From Central California and Northern England, two aspiring writers natter and share a blog. We like to talk about our disparate but oh-so-similar lives, offer opinions on literature and movies... and endlessly reminisce about Bioware RPG's.


We hope you haven't had enough of our disingenuous assertions. If you have, please don't hit us.

Thursday, May 13, 2010

DVD Subtitles


This is just a short blog, but I wanted to gloat!

I'm watching the film 'October Sky' (an anagram of 'Rocket Boys', the original title - neat!) and by the way this movie is fantastic.
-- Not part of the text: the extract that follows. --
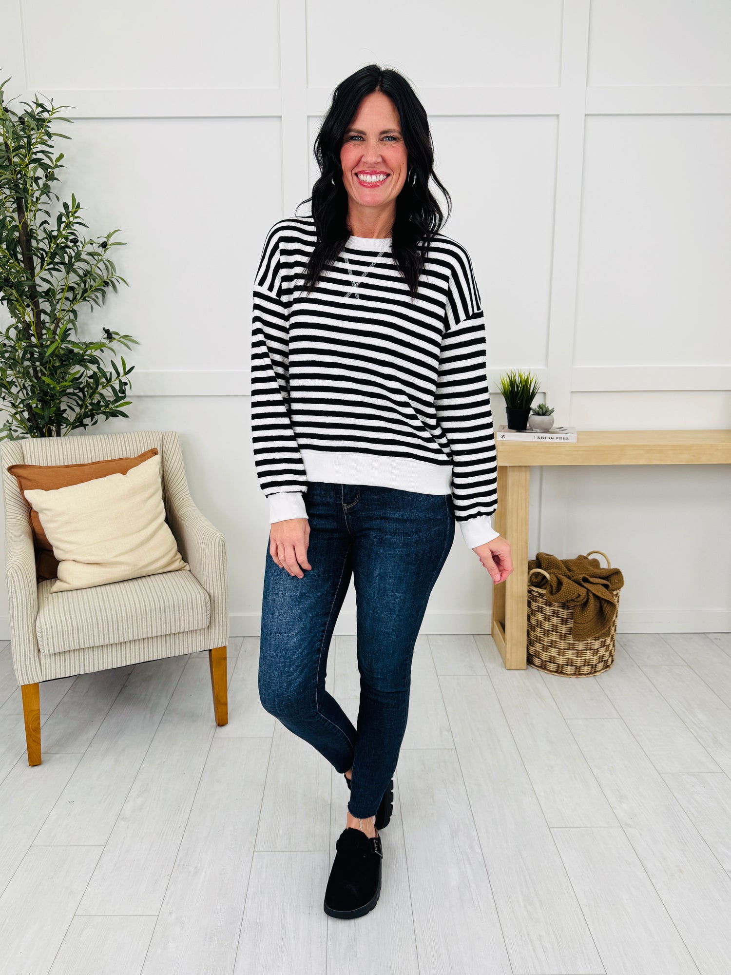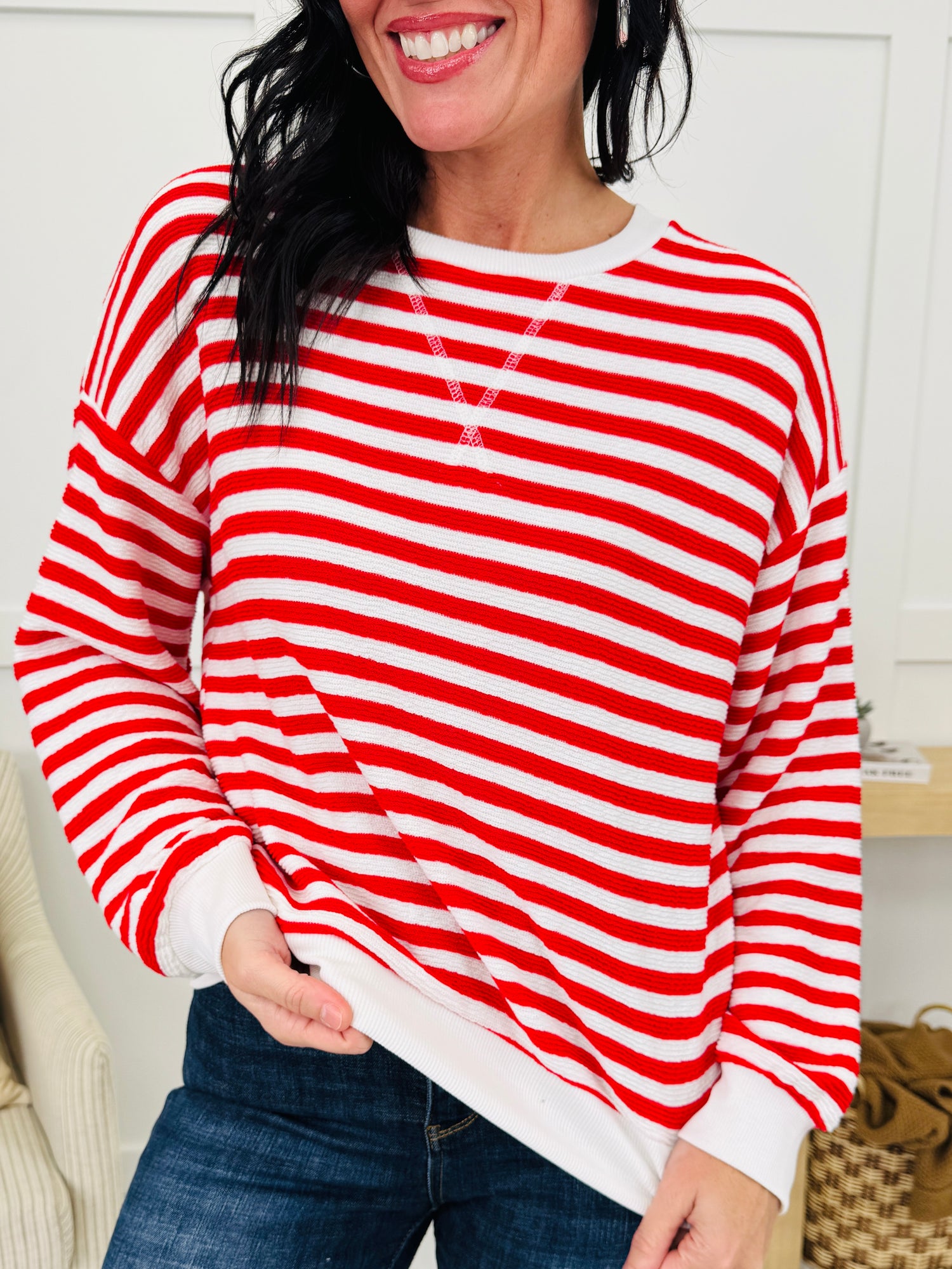 Add a pop of playful charm to your look with this bold striped top! Available in several fun color options, it’s perfect for mixing up your casual style. The contrast neckline trim adds a sporty touch, while the relaxed everyday fit keeps it effortlessly comfy and cute no matter which color you choose.

I'm really loving it - it's a rare thing to see an inspiring feel-good story that genuinely inspires you and makes you feel good. (I have a few complaints about its depiction of trade unions, and I just spotted a single 'aggressive negotiation' but...)

I like to watch films with the subtitles on (I'm not hard of hearing, I mean I like them anyway). I suppose it's a wierd habit, but I have lots of them. I like to read along so I can pay closer attention to the dialogue and picture the script... I dunno. But sometimes you notice oddities in the subtitles. Always there are lots of occasions where the subtitle-writer has shortened lines to make them quicker, and often random changes will be made. It must be a wierd job (I would LOVE to be a subtitle guy.) I used to have this amazing copy of 'First Blood' where almost every line in the movie was completely different to what was written down. The subtitles told an alternative, wildly stupid version of the story, and removed every single swear for some reason. Oh, and they even changed the title line! 'BUT THEY SHOT FIRST!!!'

And I'm loving the subtitles on my copy of 'October Sky'. They're very good, aside from occasionally shortening. But!
This film is set somewhere in the southern United States, but on my version the subtitles have been translated into British English. 'Math' is always pedantically changed to 'maths'... and this is the best part: 'ass' is changed to 'arse', every time! 'Imm'a kick your arse, boy!'

We need this on the DVD of every American film!

-

Makes me damn proud. We may have bad teeth, we may all be football hooligans. We may now be governed by a strange coalition of the party who closed the mines and the party who nobody voted for.

But damnit.

We will correct your spellings with our last breath.